Mais les chercheurs ont voulu aller encore plus loin que le stress en essayant de trouver une corrélation entre certains comportements et la longueur des télomères (et donc l’espérance de santé).
Même si cela peut parfois nous paraître intuitif, je suis très impressionné que l’on ait pu prouver scientifiquement que les comportements suivants nous propulsent vers la maladie :
- le pessimisme
- être dans ses pensées (au lieu du moment présent)
- la rumination (penser à un problème sans le résoudre)
- dépenser trop d’argent
- conduire trop vite
- manger trop
- l’alcoolisme
- être impulsif
- être hostile
Heureusement, il est possible de réduire son stress et d’augmenter la taille de ses télomère avec certaines pratiques telles que :
- la méditation
- le Qi Gong
- l’exercice
La retraite méditative possède un effet puissant sur les télomères : même 5 mois après, les effets sont toujours très présents !
Mais les attitudes suivantes sont également bénéfiques :
- avoir des objectifs
- se porter volontaire
- être consciencieux (organisés, persistants et focalisés)
- se réveiller heureux
Fait surprenant : être consciencieux est le trait de personnalité qui est, parmi les comportements, le prédicateur de longévité le plus fiable.

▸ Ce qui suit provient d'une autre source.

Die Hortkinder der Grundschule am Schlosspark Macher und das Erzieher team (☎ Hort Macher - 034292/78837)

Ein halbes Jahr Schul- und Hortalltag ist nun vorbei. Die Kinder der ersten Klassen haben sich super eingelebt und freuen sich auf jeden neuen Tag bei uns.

Pour vous réveiller heureux, Elissa conseille de commencer sa journée par des pensées de gratitude.
En résumé : la façon dont nous pensons et agissons possède une forte influence sur notre santé !

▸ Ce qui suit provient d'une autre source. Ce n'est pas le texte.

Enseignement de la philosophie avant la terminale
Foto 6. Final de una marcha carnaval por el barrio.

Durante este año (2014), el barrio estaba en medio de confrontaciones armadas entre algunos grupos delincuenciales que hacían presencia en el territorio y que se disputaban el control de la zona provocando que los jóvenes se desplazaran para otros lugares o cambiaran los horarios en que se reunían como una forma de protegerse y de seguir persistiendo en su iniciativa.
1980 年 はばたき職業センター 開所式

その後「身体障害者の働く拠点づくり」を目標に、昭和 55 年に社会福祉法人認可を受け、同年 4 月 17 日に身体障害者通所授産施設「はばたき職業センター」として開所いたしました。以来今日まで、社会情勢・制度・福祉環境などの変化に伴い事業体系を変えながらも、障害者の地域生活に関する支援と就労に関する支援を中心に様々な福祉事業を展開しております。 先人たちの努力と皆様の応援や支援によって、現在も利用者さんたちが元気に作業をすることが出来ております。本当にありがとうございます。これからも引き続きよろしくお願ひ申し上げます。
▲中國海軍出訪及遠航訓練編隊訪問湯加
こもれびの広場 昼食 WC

Chaque jour, lorsque vous vous réveillez, pensez : « Aujourd’hui j’ai la chance d’être en vie, j’ai une précieuse vie humaine, je ne vais pas la gâcher ».
Dalai Lama
L’age est un problème d’état d’esprit plus que de faits. Si tu t’en fou, cela n’a alors pas d’importance.

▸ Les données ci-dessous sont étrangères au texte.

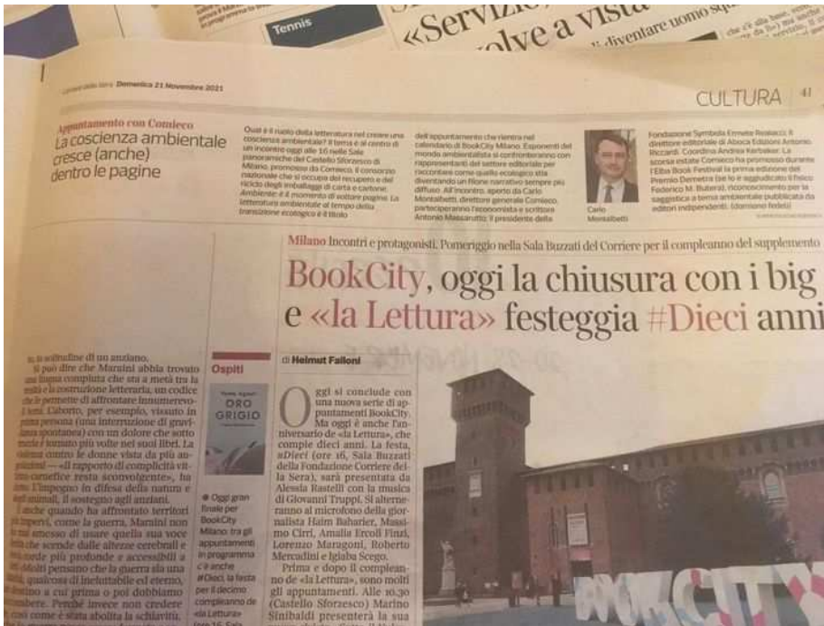
Corriere della Sera | Terza Pagina – Cultura, 21 novembre 2021 Presentazione del Premio Demetra 2022 (Comieco) nell'ambito di EBF8 al Book City Milano
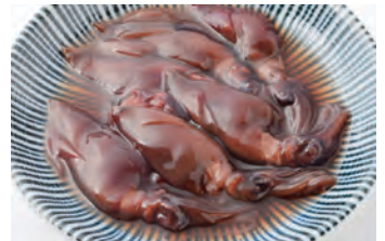
腌莹鱿 ほたるいかの沖漬け ¥660
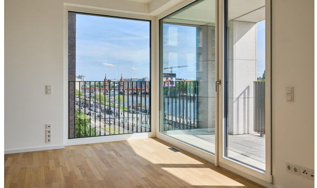
Spektakulärer Blick mit Zugang zu einer der beiden Terrassen

Becca Levy, psychologue sociale à l’université de Yale.
Anxiété et dépression
Avoir un trouble de l’anxiété montre sur le moment des télomères courts, mais si ce trouble fait parti du passé, il n’est alors plus visible. Par contre, les personnes ayant subit une dépression par le passé montrent généralement des télomères courts à plus long terme.
Télomères et environment social
Une étude de 2015 publiée dans le Journal of Health and Social Behavior a révélé que les personnes qui son contraintes de vivre dans un quartier dangereux ont tendance à avoir des télomères plus courts.
De même, un environment social avec faible cohésion sociale sont néfastes pour les télomères. Indépendamment du niveau de richesse. La propreté et la présence d’espaces verts jouent également un rôle clé pour notre santé !
Les télomères courts se transmettent à l’enfant !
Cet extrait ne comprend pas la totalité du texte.